Let $P=\lim_{x \to \infty} \left[\dfrac {a_1^{\frac{1}{x}}+a_2^{\frac {1}{x}}+.....+a_n^{\frac {1}{x}}}{n}\right]^{nx} \implies \ln P=\lim_{x \to \infty} \ln \left[\frac {a_1^{\frac{1}{x}}+a_2^{\frac {1}{x}}+.....+a_n^{\frac {1}{x}}}{n}\right]^{nx} =\lim_{x \to \infty} nx \ln \left[\frac {a_1^{\frac{1}{x}}+a_2^{\frac {1}{x}}+.....+a_n^{\frac {1}{x}}}{n}\right]= \lim_{x \to \infty} n \left[\frac {\ln (a_1^{1/x}+a_2^{1/x}+...+a_n^{1/x})-\ln n}{1/x}\right]$

and this is $0/0$ form and so I have to apply L'Hospital's rule. Now things get a bit complicated during derivative.

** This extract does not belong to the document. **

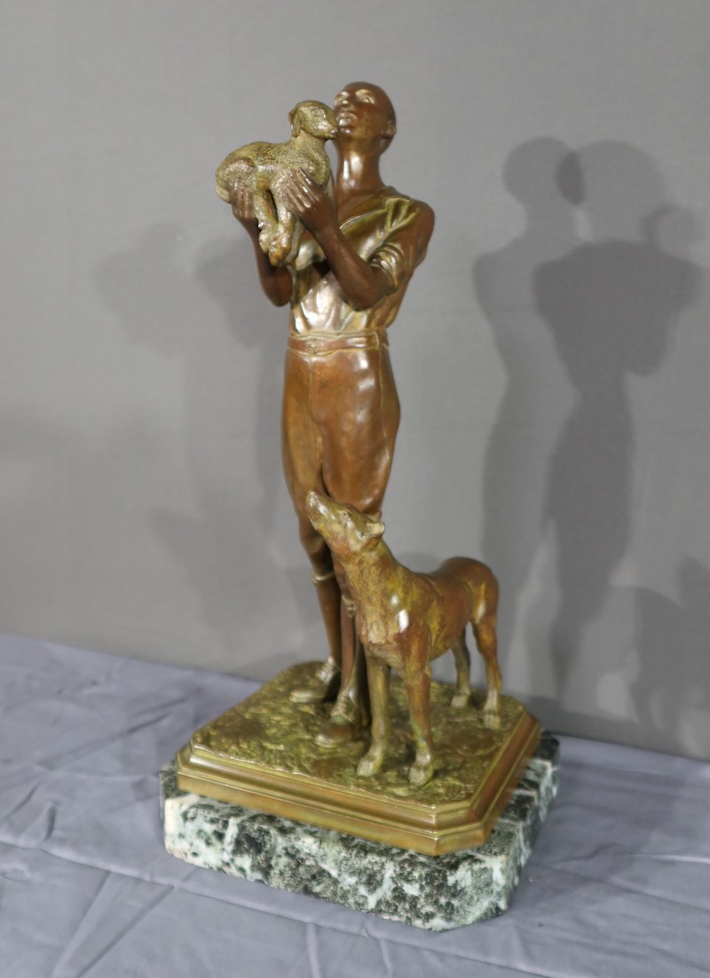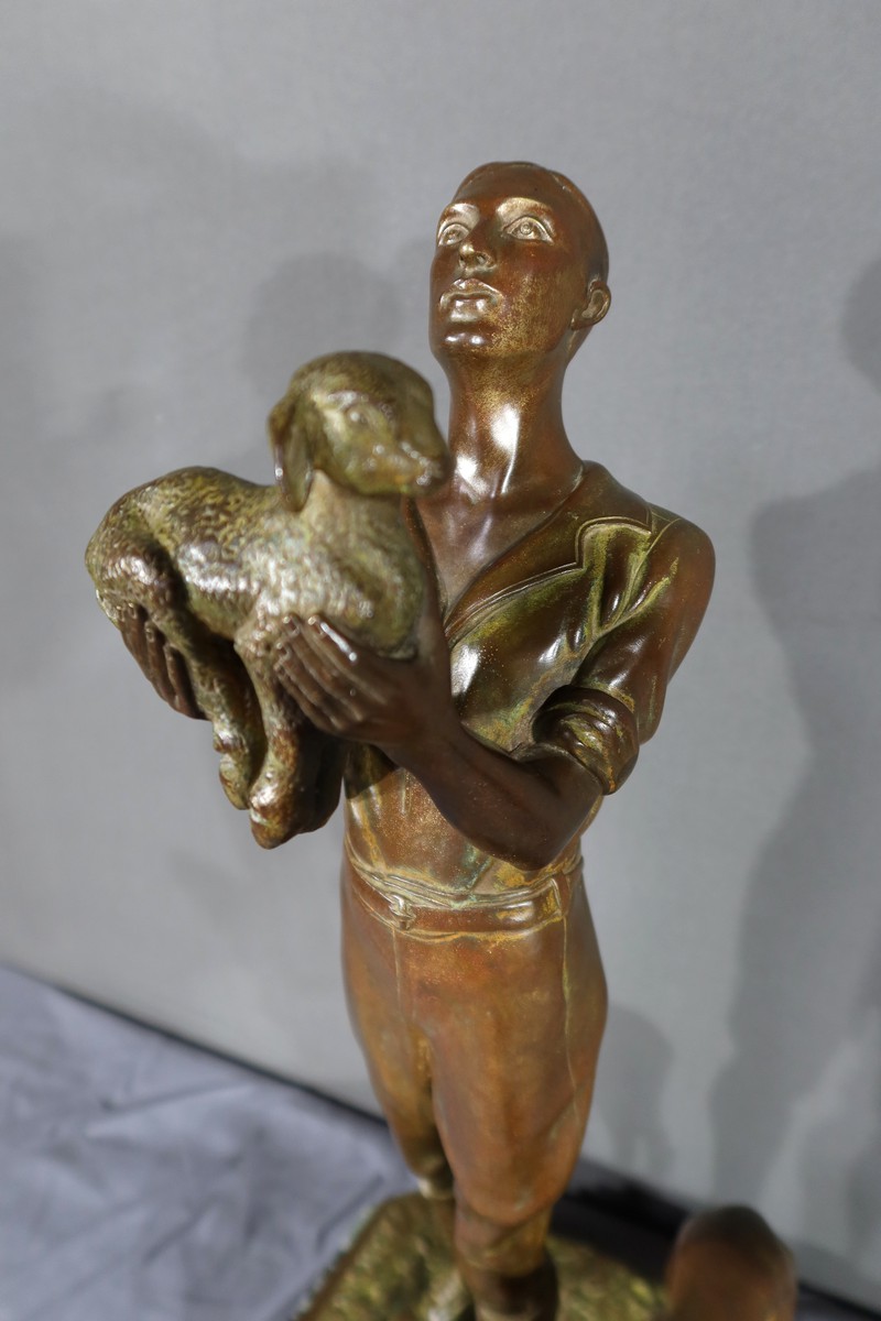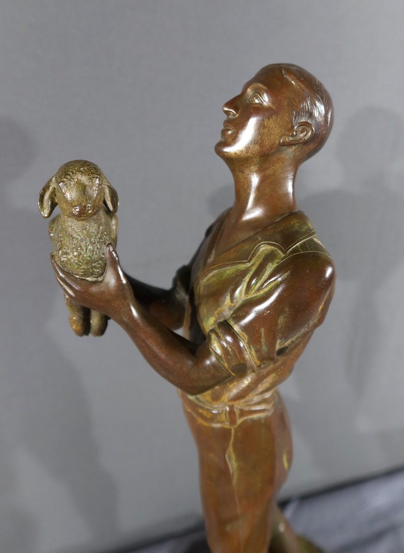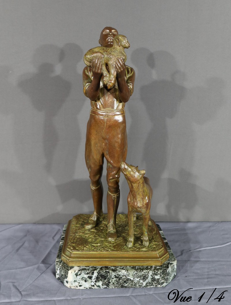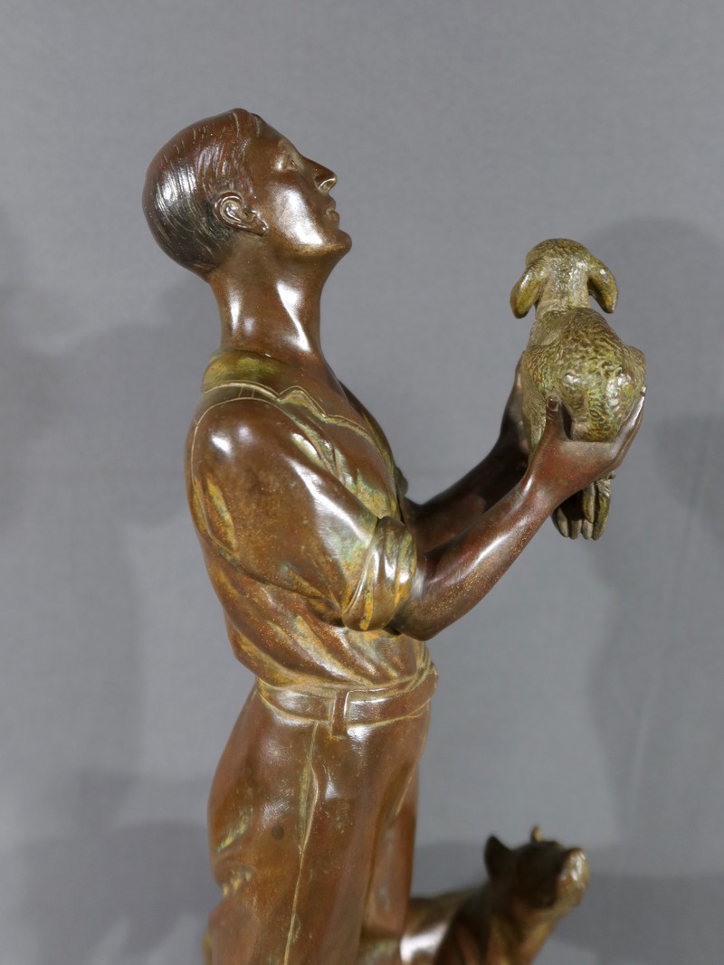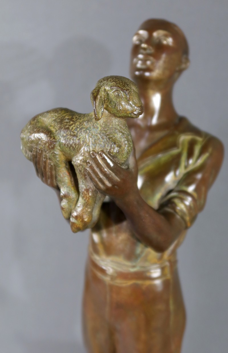 Cette sculpture en bronze représente un homme debout, tenant un agnelet dans ses bras, accompagné de son chien à ses côtés.

Can someone point me in the right direction? Thanks in advance for your time.

Answer 1

Let $$\begin{align}P &=\lim_{x \to \infty} \Big[\dfrac {a_1^{\dfrac{1}{x}}+a_2^{\dfrac {1}{x}}+.....+a_n^{\dfrac {1}{x}}}{n}\Big]^{nx}\\ \implies \ln P &=\lim_{x \to \infty} \ln \Big[\dfrac {a_1^{\dfrac{1}{x}}+a_2^{\dfrac {1}{x}}+.....+a_n^{\dfrac {1}{x}}}{n}\Big]^{nx} \\&=\lim_{x \to \infty} nx \ln \Big[\dfrac {a_1^{\dfrac{1}{x}}+a_2^{\dfrac {1}{x}}+.....+a_n^{\dfrac {1}{x}}}{n}\Big]\\&= \lim_{x \to \infty} n \Big[\dfrac {\ln (a_1^{1/x}+a_2^{1/x}+...+a_n^{1/x})-\ln n}{1/x}\Big]\\&=\lim_{z \to 0} n \Big[\dfrac {\ln (a_1^{z}+a_2^{z}+...+a_n^{z})-\ln n}{z}\Big]\end{align}$$

and this is $0/0$ form and so I have to apply L'Hospital's rule. So,$$\begin{align}\ln P &=n \lim_{z \to 0}\dfrac {1}{ (a_1^{z}+a_2^{z}+...+a_n^{z})} \times \{a_1^z \ln a_1+a_2^z \ln a_2+.....+a_n^z \ln a_n\} \\&=n \times \dfrac {1}{n}\{\ln a_1+\ln a_2+....+\ln a_n\}\\&=\ln (a_1.a_2...a_n)\\\implies P&=a_1.a_2...a_n \end{align}$$.

This completes the proof.

Answer 2

I will just prove this limit $$ \lim_{x\to\infty} \left(\frac {a_1^{\frac{1}{x}}+a_2^{\frac{1}{x}}+.....+a_n^{\frac{1}{x}}}{n}\right)^{x}=(a_1.a_2.....a_n)^{\frac{1}{n}} $$ We have $$\begin{align} \lim_{x\to\infty} \left(\frac {a_1^{\frac{1}{x}}+a_2^{\frac{1}{x}}+.....+a_n^{\frac{1}{x}}}{n}\right)^{x}&=\lim_{x\to\infty} \left(1+\frac {a_1^{\frac{1}{x}}+a_2^{\frac{1}{x}}+.....+a_n^{\frac{1}{x}}}{n}-1\right)^{x} \\&=e^{\displaystyle\lim_{x\to\infty}x\left(\dfrac {a_1^{\frac{1}{x}}+a_2^{\frac {1}{x}}+.....+a_n^{\frac {1}{x}}}{n}\right)} \end{align}$$ we know $a^x-1$ ~ $x\ln a$

so $$ e^{\displaystyle\lim_{x\to\infty}\left(x\cdot\frac {a_1^{\frac{1}{x}}+a_2^{\frac {1}{x}}+.....+a_n^{\frac {1}{x}}}{n}\right)}=e^{\dfrac{(\ln a_1+\ln a_2+...+\ln a_n)}{n}}=(a_1a_2\cdots a_n)^{\frac{1}{n}} $$

Answer 3

Another method to resolve this problem is, take the inequality $GM \leqslant AM \leqslant x \text {th root mean}$, then use squeeze theorem.